I should qualify this because I don't know the exact advice or what the other person knew. I just know that reformatting a drive so that I could then try to recover the file on it would be the very LAST thing I would try after all else failed. Perhaps that was the only possibly solution left at the time, I don't know.


----------



## ipwnos

Take your drive, load it up in your other computer, go to disk properties (from computer)
then go to your formatter download one here (download on your other computer)

let me get the download hold on...

http://www.download.com/Drive/3000-2344_4-10048263.html?tag=lst-6

Download that on your other computer, make a drive entitled "Mattox Test" Drive

Copy your drive that is not working onto the Mattox Test drive

Unplug your troubled drive

plug back in to your problem computer

find the mattox test drive

upload it onto the desktop

go to comptuer>install drives

find your properties code

go to the send tab

type in the prop code

click install

reboot

it should work now.


----------



## NetKnockout

Thanks IP, however I cannot download that program, I've tried several different sites....: (


----------



## Mulderator

ipwnos said:


> Copy your drive that is not working onto the Mattox Test drive


How is she going to copy the drive if its not working and she can't access it?


----------



## ipwnos

Mulderator said:


> How is she going to copy the drive if its not working and she can't access it?
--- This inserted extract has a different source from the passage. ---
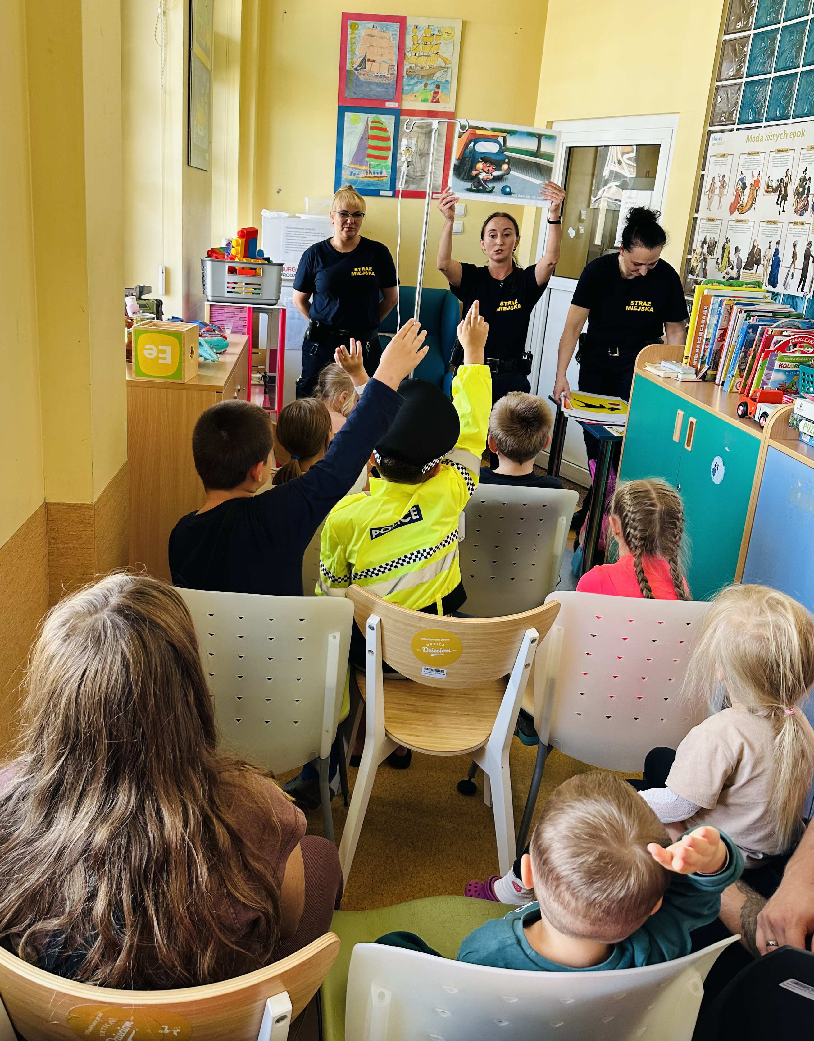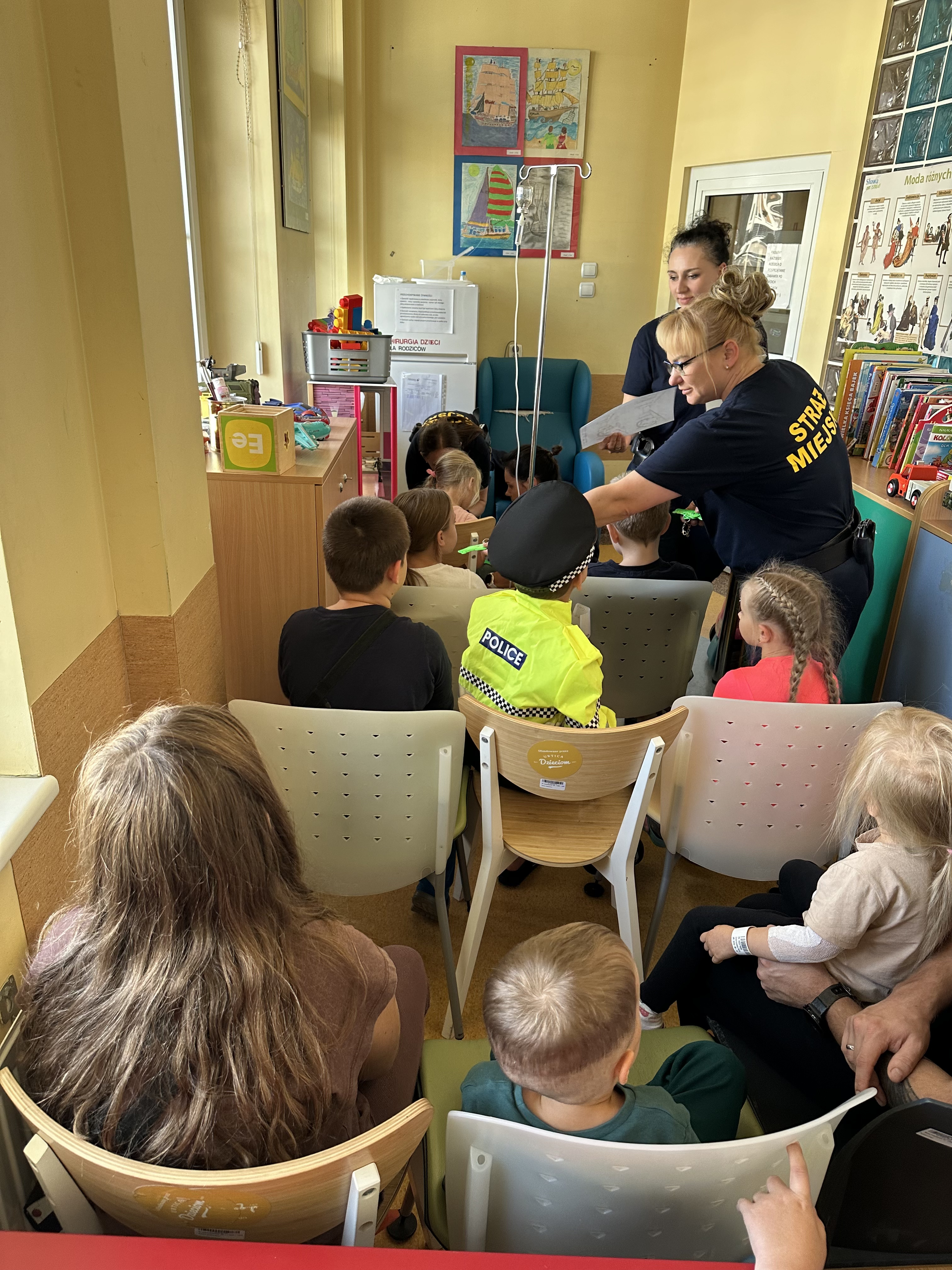 W szpitalu przy Unii Lubelskiej nasi najmłodsi uczniowie spotkali się z Paniami ze Straży Miejskiej. Wysłuchali ważnego wykładu o tym, jak bezpiecznie zachowywać się na drodze. W nagrodę za aktywność otrzymali odblaskowe zawieszki, kolorowanki tematyczne oraz plany lekcji z numerami alarmowymi.

But it will work TEMP. with that download.


----------



## Mulderator

ipwnos said:


> But it will work TEMP. with that download.
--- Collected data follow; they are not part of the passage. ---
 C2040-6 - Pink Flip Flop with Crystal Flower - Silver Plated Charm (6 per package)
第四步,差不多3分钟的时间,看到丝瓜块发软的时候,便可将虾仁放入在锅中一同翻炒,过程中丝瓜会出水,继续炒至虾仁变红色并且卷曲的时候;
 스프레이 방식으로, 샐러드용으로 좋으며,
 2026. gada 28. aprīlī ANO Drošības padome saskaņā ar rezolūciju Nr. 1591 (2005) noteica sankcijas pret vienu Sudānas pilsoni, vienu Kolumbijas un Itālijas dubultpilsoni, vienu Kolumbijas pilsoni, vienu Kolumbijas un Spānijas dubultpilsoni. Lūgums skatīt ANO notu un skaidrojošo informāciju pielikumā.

Well at this point, I guess anything is worth a try.


----------



## NetKnockout




----------



## Mulderator

There's too many cables--I can't see--can you read that model number on the motherboard (looks like M2N something). Its an ASUS Motherboard correct? What model is it?


----------



## Mulderator

Ok--Knokout, I found it--you see the blue connection on the top left hand corner (I circled in red with Paint. Its partially hidden in the picture you posted. That's the IDE slot. You need to pull the cable from your other computer that connected to that drive and connect the same end into that blue connector then into your drive and add a power connector.


----------



## Mulderator

Here is your picture with an arrow pointing to the IDE connector.


----------



## NetKnockout

Ok, I tried but there are way too many cords in the way, I can't get to the slot, (I'm worried about screwing up my pc)... Anyhow, I tried to boot it as the master on the other pc, just to see what came up in the event manager... And it came up as the same error message... BAD BLOCK


----------



## Mulderator

NetKnockout said:


> Ok, I tried but there are way too many cords in the way, I can't get to the slot, (I'm worried about screwing up my pc)...
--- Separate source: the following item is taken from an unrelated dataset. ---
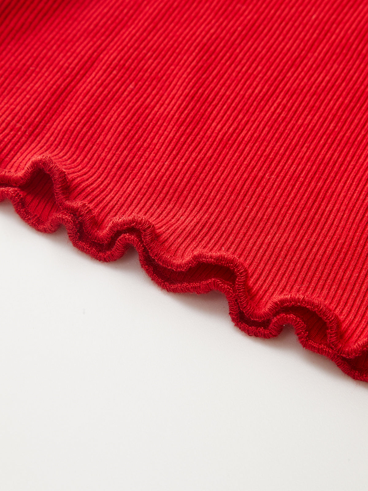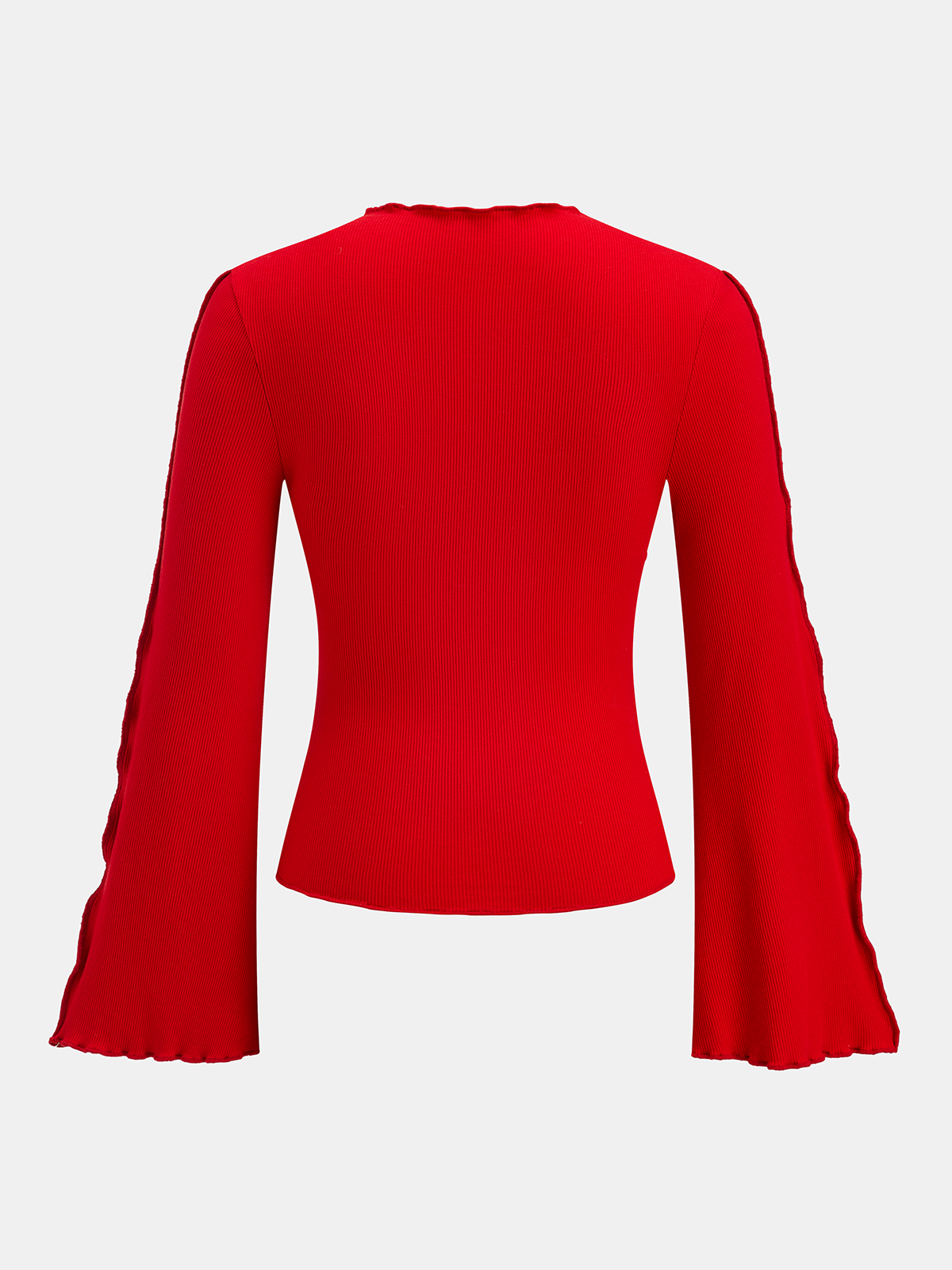Asymmetric Seam Flared Sleeve Ribbed Knit Top

Just move them out of the way. You can also cut some of those straps that are holding them together to make it easier to move. No one ever got anywhere without taking a risk Knockout. I mean the worse that can happen is you discharge a static electric shock and you fry the motherboard! 

Seriously--its not a big deal--just be careful--see where everything hooks up--you can pull some connectors out to move the wires--just take pictures or notes as to where they connect. You will be very satisfied if this all works out because next time you won't be afraid.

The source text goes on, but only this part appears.